● What you are asked to do:
Each line of the material should be set down exactly. Pictures are not part of the copy.

● Raw data:
------------------------------------
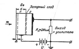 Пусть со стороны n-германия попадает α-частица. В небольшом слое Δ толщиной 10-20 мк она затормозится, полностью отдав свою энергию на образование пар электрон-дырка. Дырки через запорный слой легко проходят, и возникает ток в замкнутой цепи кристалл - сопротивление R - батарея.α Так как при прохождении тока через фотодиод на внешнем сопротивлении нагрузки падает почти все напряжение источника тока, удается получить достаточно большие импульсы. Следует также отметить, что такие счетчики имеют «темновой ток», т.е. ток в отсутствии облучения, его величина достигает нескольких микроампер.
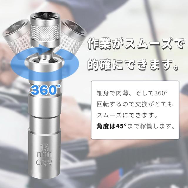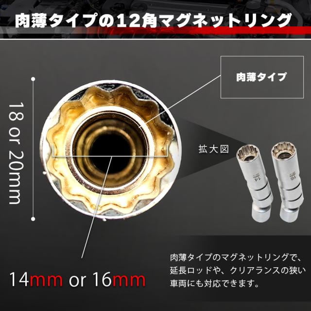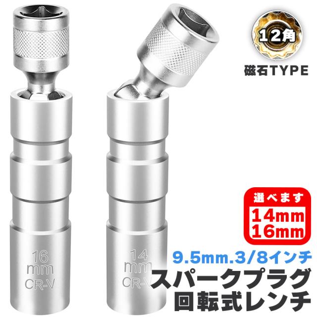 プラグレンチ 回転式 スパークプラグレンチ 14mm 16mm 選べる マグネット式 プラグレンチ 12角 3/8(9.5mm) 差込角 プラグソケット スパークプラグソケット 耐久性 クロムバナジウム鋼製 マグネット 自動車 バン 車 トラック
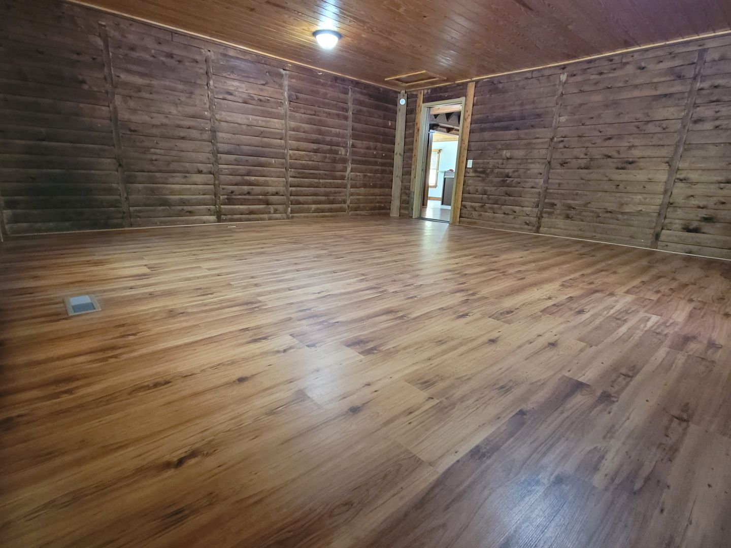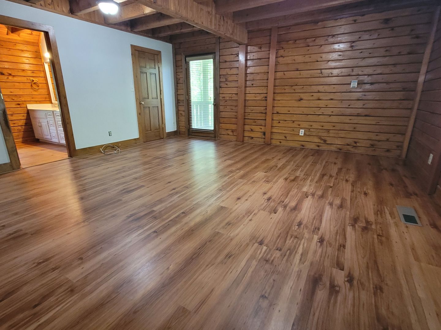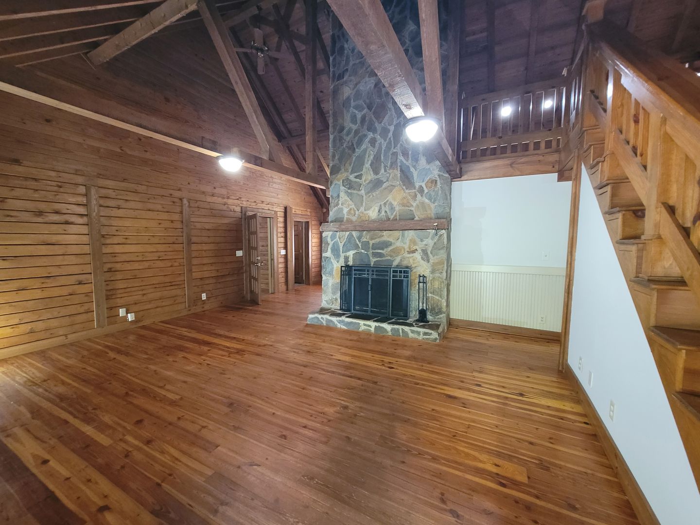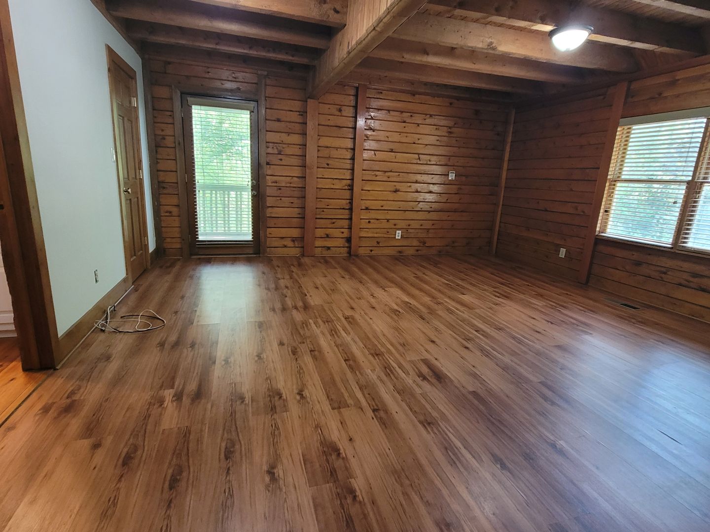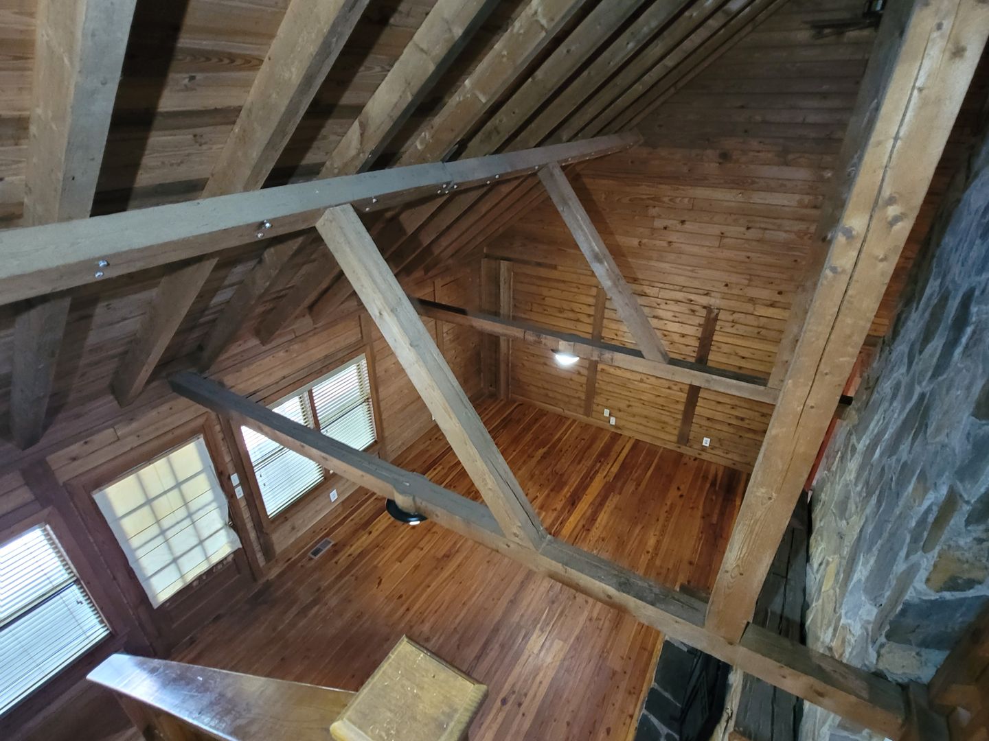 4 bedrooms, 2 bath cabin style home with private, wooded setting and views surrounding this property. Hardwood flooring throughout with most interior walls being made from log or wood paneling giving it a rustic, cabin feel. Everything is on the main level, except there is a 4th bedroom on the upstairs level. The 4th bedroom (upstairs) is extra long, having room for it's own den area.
------------------------------------
● Answer for the task:
 Пусть со стороны n-германия попадает α-частица. В небольшом слое Δ толщиной 10-20 мк она затормозится, полностью отдав свою энергию на образование пар электрон-дырка. Дырки через запорный слой легко проходят, и возникает ток в замкнутой цепи кристалл - сопротивление R - батарея.α Так как при прохождении тока через фотодиод на внешнем сопротивлении нагрузки падает почти все напряжение источника тока, удается получить достаточно большие импульсы. Следует также отметить, что такие счетчики имеют «темновой ток», т.е. ток в отсутствии облучения, его величина достигает нескольких микроампер.
 プラグレンチ 回転式 スパークプラグレンチ 14mm 16mm 選べる マグネット式 プラグレンチ 12角 3/8(9.5mm) 差込角 プラグソケット スパークプラグソケット 耐久性 クロムバナジウム鋼製 マグネット 自動車 バン 車 トラック
 4 bedrooms, 2 bath cabin style home with private, wooded setting and views surrounding this property. Hardwood flooring throughout with most interior walls being made from log or wood paneling giving it a rustic, cabin feel. Everything is on the main level, except there is a 4th bedroom on the upstairs level. The 4th bedroom (upstairs) is extra long, having room for it's own den area.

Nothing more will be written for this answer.